There’s been a slew of barely-worth-reading media articles outlining how the UK economy has kept up surprisingly well in the face of Brexit.
The response in other parts of the media, and on social media, has been harsh and predictable. Paraphrasing, it goes:
D’uh. We’re still in the EU. Theresa May hasn’t invoked article 50. The shit is yet to hit the fan.
I think that point makes sense on some level. But it strikes me as firmly first order thinking. It unavoidably assumes that consumers and companies are not anticipatory. That it’s logical that they’ll go on with their merry former ways until such day as May drops the bomb or even until the UK actually departs the EU a few years later. It assumes that the smug tweeter knows something—that the excrement will soon meet the fan—that is lost on all those hapless consumers and companies.
Here’s what we expected after the Brexit referendum got up. We expected consumer spending to drop sharply, we expected business investment to drop sharply. Thus we expected a recession fairly promptly, despite the fact that pulling out of the EU was a way off.
Early numbers good
So the strong consumer spending numbers released in recent months have been a surprise to us. We won’t see reliable business investment data for a while yet, so we’re unsure where that stands. Our expectation is still for a drop off, but perhaps we’ll be wrong there too.
There are certainly pockets of obvious weakness. We’ve talked with several realtors in recent weeks. Housing transaction volumes, in London in particular, dropped off a cliff post-referendum and haven’t bounced in the slightest yet. In the realtors’ telling, buyers are demanding a 10-15% discount as a result of the impending Brexit. Sellers generally won’t give it to them. It’s going to take a while for the two to meet, probably at prices somewhere in the middle. Share prices of UK real estate agents are back at or below their late-June lows.
But, all up, I’m surprised by the resilience of recent economic numbers. They’re very early. They might mean nothing. Brexit hasn’t happened yet. We don’t even know what form Brexit will eventually take. The odds are increasingly moving towards a so-called hard exit. But consumers and companies aren’t daft enough to have missed that it’s lurking up ahead.

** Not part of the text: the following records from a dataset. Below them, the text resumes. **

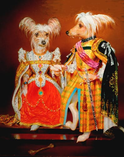 Getting your (human) portrait done was a tradition that fell out of favor in the 1940s to 1950s as interest in abstract and non-figurative art increased. There were exceptions, of course, such as the portraits of “Helga” done by Andrew Wyeth…but in the 1960s and 1970s there was a revival of in portraiture, with the unforgettably powerful paintings of English artists such as Francis Bacon and Lucien Freud and the American artists such as Andy Warhol and Chuck Close focusing on the human face. Along with this rise, and possibly reinforced by the amazing photographs of William Wegman’s dressed-up weimeraner dogs in the 1980s, has come the astounding rise in animal portraiture.
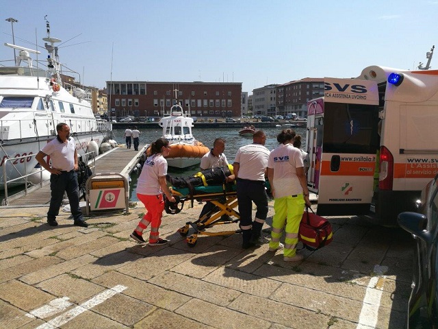 Immediatamente è partita la macchina dei soccorsi coordinati dalla Guardia costiera livornese. Dopo l’imbarco del personale medico, la motovedetta si è recata sul posto. L’uomo, una volta valutatene le condizioni da parte del personale sanitario, è stato stabilizzato su una barella spinale e posizionato sul mezzo nautico della Guardia costiera, appositamente attrezzato per l’imbarco ed il trasporto di traumatizzati. Veloce la navigazione verso la Darsena Vecchia, dove l’infortunato è stato sbarcato. Ad attenderlo, un’ambulanza che lo ha condotto in ospedale per le cure del caso.
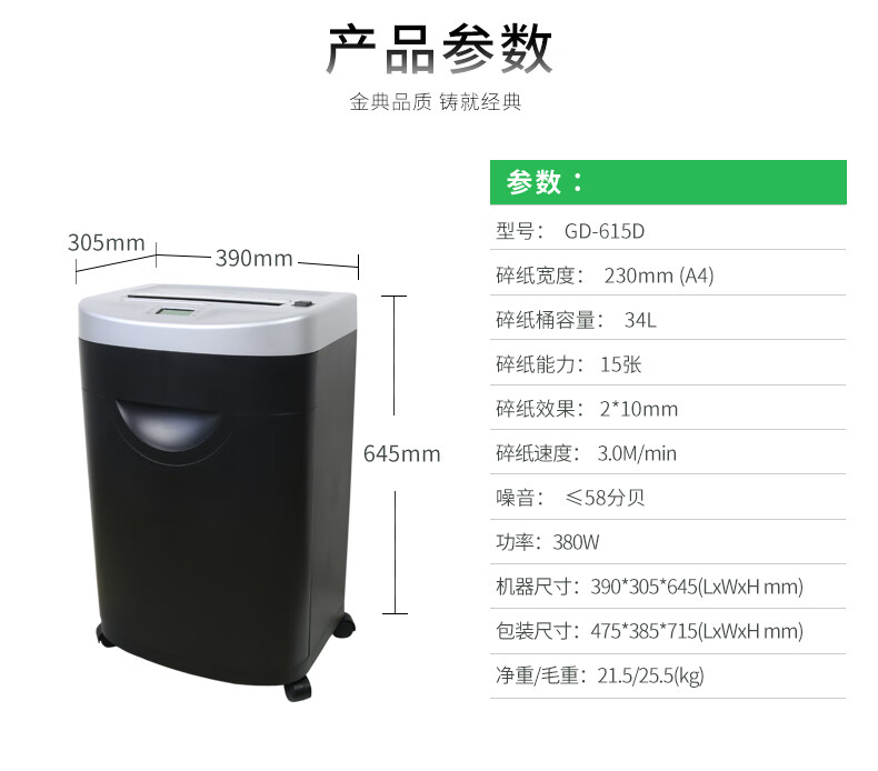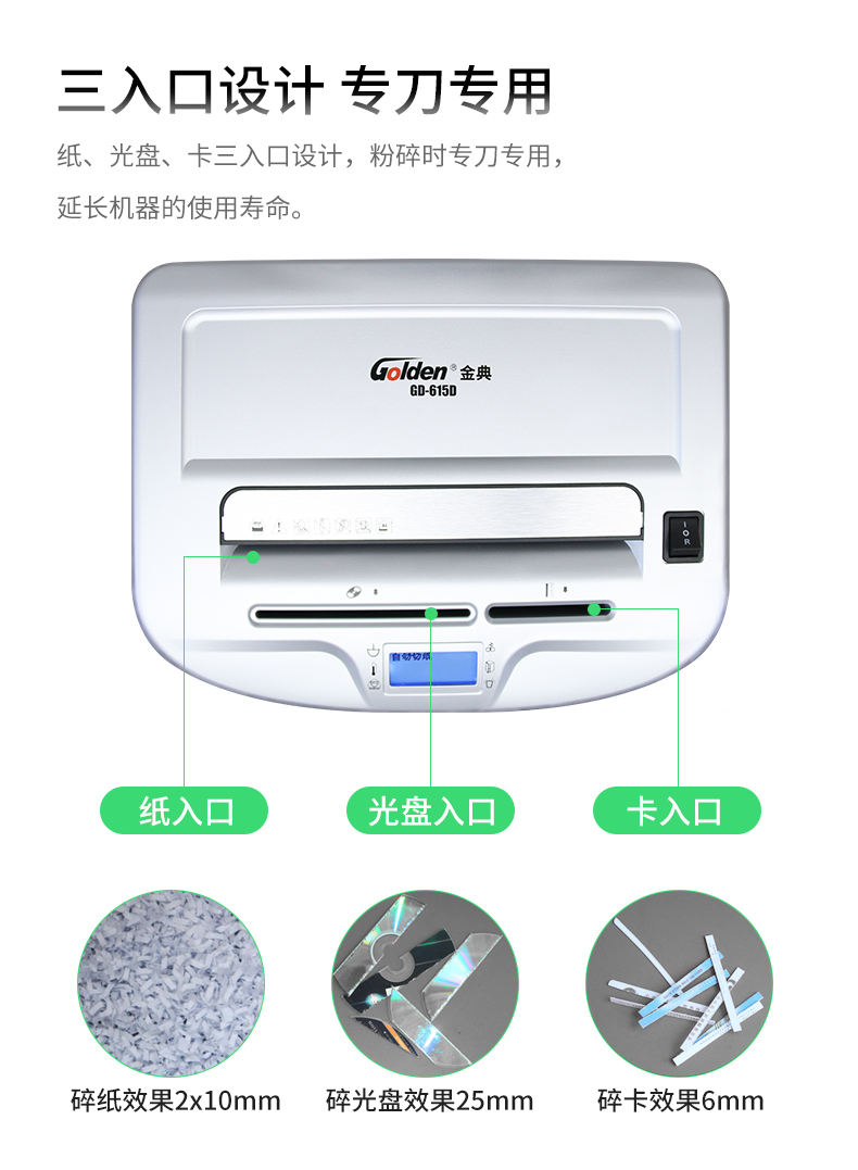 金典 GOLDEN GD-615D碎纸机 商用碎纸机 高保密碎纸机

4 thoughts on “Brexit: Better Than Expected…So Far”
Hi Gareth, a great article in by Matt Ridley in today’s paper (p.8 The Aust.) on the comparative advantages the UK has, especially in value adding areas such as law, banking, advertising, higher education, design, research etc. I found it a pretty compelling case e.g. 7 of top 10 accounting firms headquarters in UK (only 1 elsehwere in EU; 3 of top 10 uni’s versus none in EU; 5 of top law firms versus none in EU etc).
I think he also touches on the over-regulation that the EU imposes and hence why it does not do that well in trading with other nations.
I personally think the UK will fly because it is now independent and sovereign over its own affairs again.
Despite all the talk of a hard Brexit, I don’t think so. The EU (organisationally and conceotually) is in a parlous state despite all the posturing from Brussels while the UK not so. If you doubt that just ask yourself a few simple questions on its protectionist agricultural policy. It ties the EU countries (esp. France) to welfare/socialist farming which will come to a bitter end when the money runs out. And that hasn’t mentioned the fraud and corruption it encourages.
We have a tendency to think that others share a similar paradigm to ourselves.
I suspect that what has happened here is that, as a group of anticipatory individuals in an anticipatory vocation, you have been surprised by the difference between your collective paradigm and the broader paradigm of the participants in the British economy.
My view is that people are generally far less anticipatory than you give them credit for, and so, in this instance, it may be that first order thinking beats the more iterative ways of thinking about this issue.
Another point is that as an economy that has been suffering from economic malaise for almost a decade now, there is every possibility that the Brexit vote has simply muted Britain’s recovery, rather than causing a recession. That is, if, in a parallel universe, Britons had voted to stay in the EU, then perhaps the parallel Gareth would have been writing a 4 October 2016 blog post on the surprisingly strong and sudden recovery in the UK economy.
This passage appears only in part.